JAKARTA – Situasi internal Real Madrid memanas setelah sikap Kylian Mbappe memicu kontroversi yang bahkan mengejutkan Jose Mourinho di tengah rencana kembalinya ke Santiago Bernabeu.
Kondisi ruang ganti Los Blancos disebut tidak kondusif menyusul absennya Mbappe dalam laga penting LaLiga melawan Espanyol dan Barcelona akibat cedera hamstring.
Alih-alih fokus pemulihan, Mbappe justru membagikan momen liburan di Sardinia yang memancing kemarahan besar dari para suporter Madrid.
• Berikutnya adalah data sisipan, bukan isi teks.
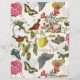 Dieses Vintage 8.5x11" Scrapbooking-Design besticht durch elegante botanische Schmetterlinge und Vögel mit Blume und Früchten in Rosa, Gelb, Blau, Grün und Braun auf einem Elfenbeinhintergrund, mit antiken Papiertexturen. Ideal für Papierhandwerk und Scrapbooking. Entworfen von © Tim Coffey.

Mengutip laporan TeamTalk, Minggu, gelombang kekecewaan itu memuncak dengan munculnya petisi daring bertajuk “Mbappe Out” yang diklaim telah mengumpulkan puluhan juta tanda tangan.
Ketika kembali bermain sebagai pemain pengganti saat Madrid menang 2-0 atas Real Oviedo, Mbappe malah disambut siulan dan ejekan dari publik Bernabeu.
Konflik semakin melebar setelah Mbappe melontarkan pernyataan kontroversial yang menyebut dirinya hanya sebagai striker pilihan keempat dan membandingkan pelatih saat ini Alvaro Arbeloa dengan Xabi Alonso.
Menurut laporan jurnalis senior AS, Jose Felix Diaz, Real Madrid telah mencapai kesepakatan dengan Jose Mourinho untuk kembali menukangi tim dengan kontrak dua tahun.
Mourinho disebut telah berdiskusi intens selama tiga pekan dengan Presiden Florentino Perez untuk membahas berbagai persoalan internal tim.
Beberapa nama seperti Federico Valverde, Aurelien Tchouameni, Antonio Rudiger, hingga Alvaro Carreras ikut menjadi bagian dari evaluasi menyeluruh manajemen.
Florentino Perez dikabarkan sangat khawatir dengan kondisi ruang ganti dan melihat Mourinho sebagai sosok yang tepat untuk mengembalikan stabilitas.
Mourinho sendiri dilaporkan terkejut dengan sikap Mbappe yang dinilai mencolok dan berpotensi mengganggu keharmonisan tim.
Meski Mbappe telah menyatakan komitmennya untuk bertahan di Madrid, hubungannya dengan suporter, pelatih, dan manajemen terlanjur memburuk.
Pertemuan langsung antara Mbappe dan Perez disebut akan segera dilakukan untuk meredakan konflik dan mencari solusi.
Di sisi lain, Real Madrid mulai menyusun rencana transfer ambisius untuk menyambut era kedua Mourinho.
Gelandang Manchester City, Rodri, muncul sebagai target utama yang diincar untuk memperkuat lini tengah.
Madrid telah lama memantau Rodri dan siap meningkatkan upaya perekrutan pada bursa transfer musim panas mendatang.
Namun, Manchester City tidak akan melepas pemain kuncinya dengan mudah dan tengah berusaha mengamankan kontrak baru.
Selain itu, bek muda Real Sociedad, Jon Martin, juga masuk dalam radar sebagai investasi jangka panjang lini pertahanan.
Madrid menilai Martin sebagai sosok ideal yang mampu memimpin lini belakang dalam satu dekade ke depan.
Persaingan dengan Atletico Madrid diprediksi akan terjadi dalam perburuan bek timnas Spanyol U-21 tersebut.
Real Sociedad sendiri hanya bersedia melepas Martin jika klausul rilis sebesar €60 juta terpenuhi.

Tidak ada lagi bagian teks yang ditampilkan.